Detailed Description of the Decoding Part

[0164] An embodiment of the decoding method according to the invention will now be described, in which the decoding method is implemented in software or hardware form by modifications of a decoder initially compliant with the H.264/MPEG-4 AVC standard.

[0165] The decoding method according to the invention is represented in the form of an algorithm including steps D1 to D12, represented in FIG. 3.

[0166] According to the embodiment of the invention, the decoding method according to the invention is implemented in a decoding device or decoder DO, as represented in FIG. 4.

[0167] During a preliminary step not represented in FIG. 3, in the received data signal F, the partitions B.sub.1 to B.sub.Z which have been encoded previously by the encoder CO, are identified. In the preferred embodiment, said partitions are blocks which have a square shape and are all the same size. Depending on the size of the image, which is not necessarily a multiple of the size of the blocks, the last blocks to the left and the last blocks at the bottom are able to not be square-shaped. In an alternative embodiment, the blocks can be for example of rectangular size and/or not aligned with one another.

[0168] Each block or macroblock can moreover be itself divided into subblocks which are themselves subdividable.

[0169] Such an identification is executed by a stream analysis software module EX_DO, as represented in FIG. 4.

[0170] During a step D1 represented in FIG. 3, the module EX_DO in FIG. 4 selects as current block B.sub.i the first block B.sub.1 to be decoded. Such a selection consists for example in placing a read pointer in the signal F at the start of the data items of the first block B.sub.1.

[0171] Then the decoding of each of the selected encoded blocks is carried out.

[0172] In the example represented in FIG. 3, such a decoding is applied successively to each of the encoded blocks B.sub.1 to B.sub.Z. The blocks are decoded for example according to a raster scan, which is well known to the person skilled in the art.

[0173] The decoding according to the invention is implemented in a decoding software module MD_DO of the decoder DO, as represented in FIG. 4.

[0174] During a step D2 represented in FIG. 3, first the entropy decoding of the first current block B.sub.1 which has been selected is carried out. Such an operation is carried out by an entropy decoding module DE_DO represented in FIG. 4, for example of the CABAC type. During this step, the module DE_DO carries out an entropy decoding of the digital information items corresponding to the amplitude of each of the encoded coefficients in the list E.sub.1 or in the modified list Em.sub.1. At this stage, only the signs of the coefficients in the list E.sub.1 or in the modified list Em.sub.1 are not decoded.

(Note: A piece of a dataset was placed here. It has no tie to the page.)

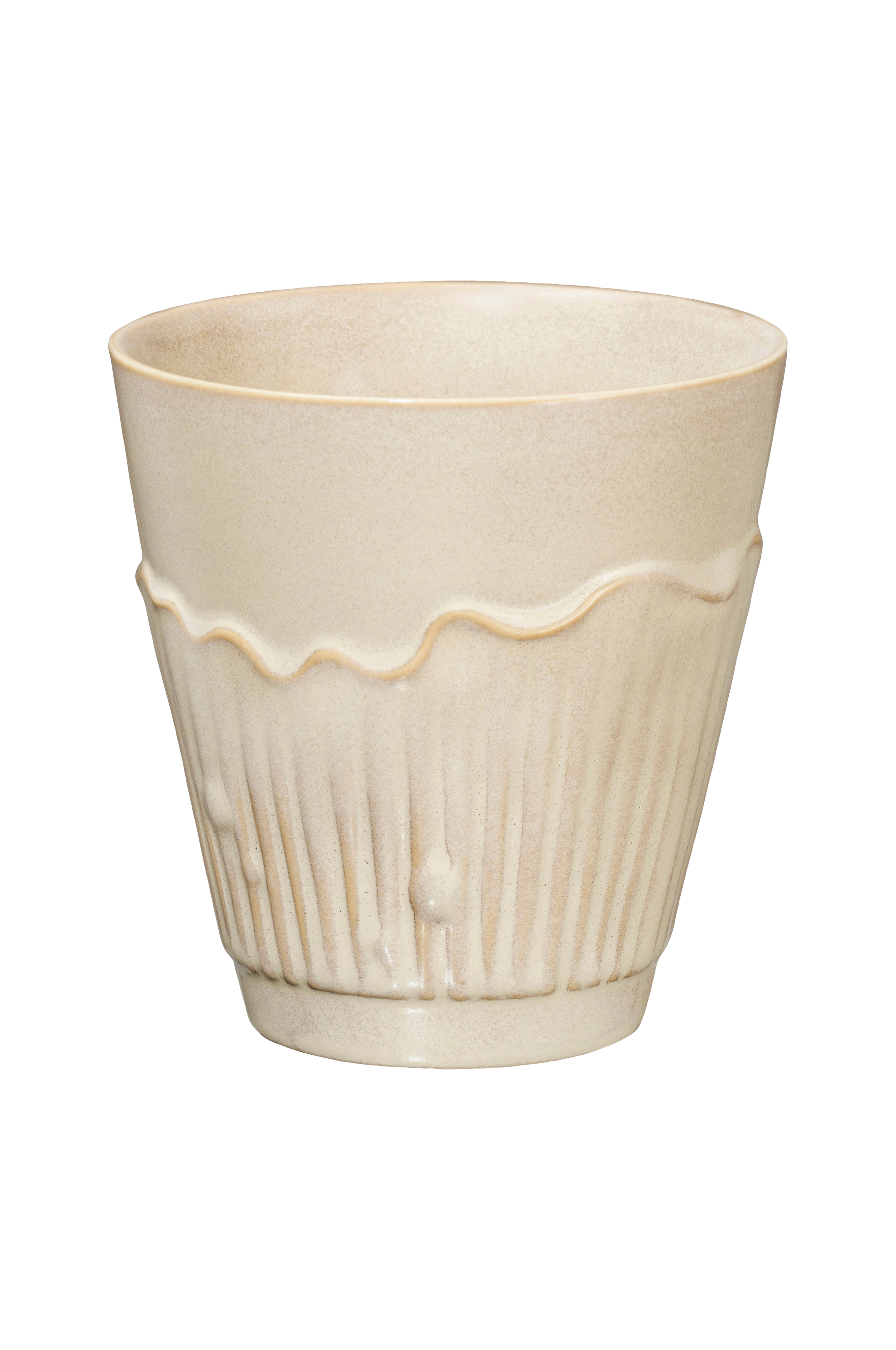 Kaffekrus i smuk reaktiv glasur med reliefmønster. Fremstillet af holdbart stentøj. Designet af Maria Söderberg

[0175] During a step D3 represented in FIG. 3, the number of signs capable of having been hidden during previous entropy encoding step C20 is determined. Such a step D3 is executed by a processing software module MTR_DO, as represented in FIG. 4. Step D3 is similar to previously mentioned step C7 for determining the number of signs to be hidden.

[0176] In the preferred embodiment, the number of hidden signs is one or zero. Additionally, in accordance with said preferred embodiment, it is the sign of the first non-zero coefficient which is hidden. In the example represented, it is therefore the positive sign of the coefficient ε2=+9.

[0177] In an alternative embodiment, the number of hidden signs is either zero, one, two, three or more.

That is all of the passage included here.